I wasn’t answering because the doorbell didn’t sound. This was because it had broken down again. I was back in groundhog day, sort of like enjoying sunny days in Sydney in November 2022. For a few hours the sun shines and then BANG the clouds come overhead and it starts to spit.

My doorbell is raining on my parade.

Dan came and tinkered around in the ceiling, then tinkered around in the wall, then did something with a bunch of wires. I asked him at the end about what the problem was and he said something about the wires pulling out of their contacts because of pressure. Apparently he’d combined all the wires into one strand or something – who KNOWS?

When I worked for Yamatake-Honeywell in the nineties we had the sales company and the service company and now I know why they have a separate arm just for service.
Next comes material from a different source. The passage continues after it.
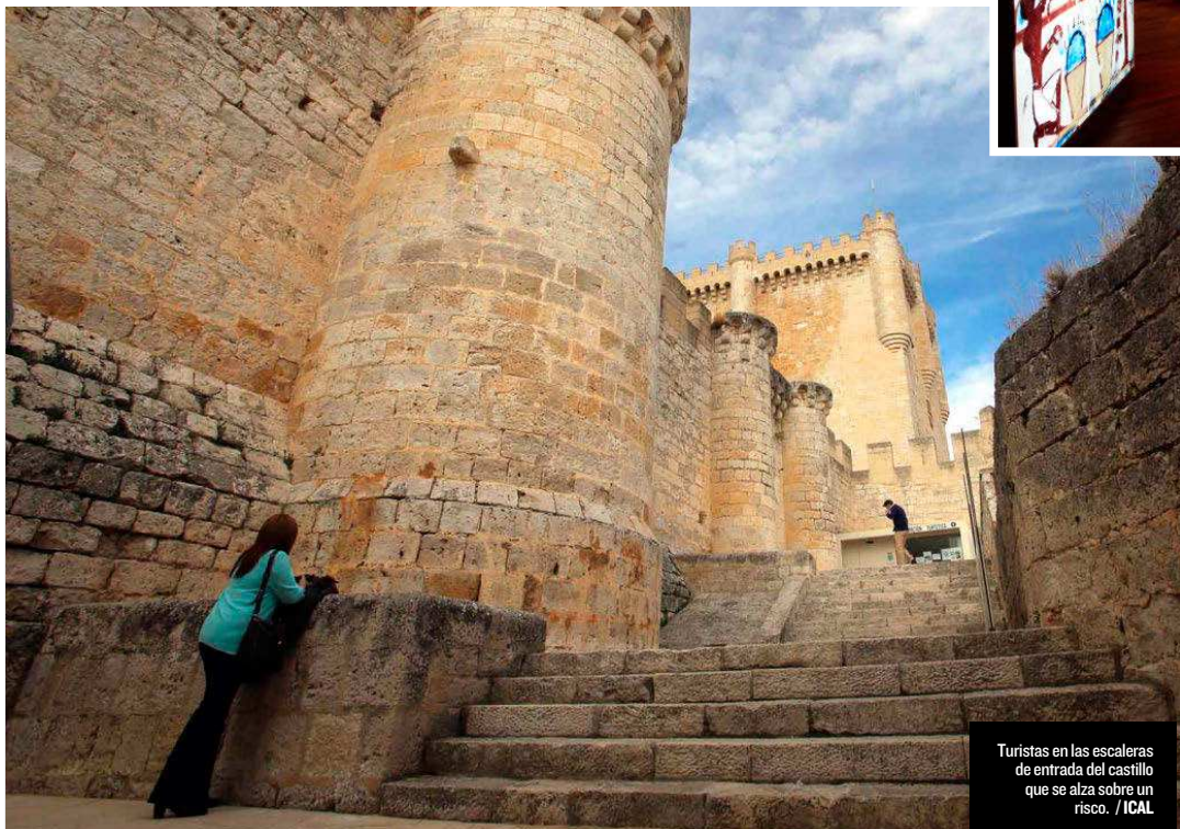
Turistas en las escaleras de entrada del castillo que se alza sobre un risco.

sión a este coqueta abadía del siglo XII que en su refectorio acoge la cocina de Marc Segarra, con estrella Michelin. La elegancia y la exclusividad se ha apoderado en el tiempo de esta comarca donde es difícil elegir donde comer y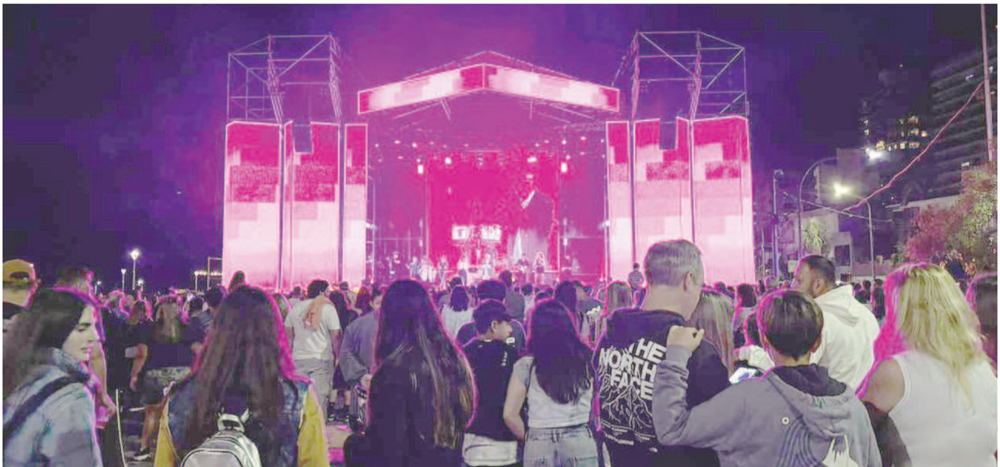
Comenzó el Festival RICO, un clásico punto de encuentro a la vera del Paraná para los vecinos y visitantes. EL NORTE

El evento, organizado por la Municipalidad de San Nicolás, contó con una amplia convocatoria de nicoleños y visitantes en su primera jornada, en medio de un clima de fiesta con shows en vivo y variada oferta gastronómica. El festival se desarrolla desde las 20:00 en la intersección de Lavalle y Juan Manuel de Rosas, con entrada libre y gratuita. En esta oportunidad, se podrá acceder a la cobertura completa del evento a través de EL NORTE Stream.

Because you KNOW that as soon as there’s an opportunity for something to go wrong it’s going to go wrong and it’s going to inconvenience the largest number of people. Just by writing this post I’m jinxing the machine, the machine is watching it’s got an AI component reading every blog in the world and it’s going to see what I’ve so recklessly written and start plotting to take out my doorbell so that my life falls apart.

I still haven’t worked out what to do with the old parts from the previous doorbell/intercom. They’ll probably sit on my bookshelf for 10 years and then get thrown in the garbage. Life is like a box of junk, you think it’s worth something but it turns out the valuables are just taking up space.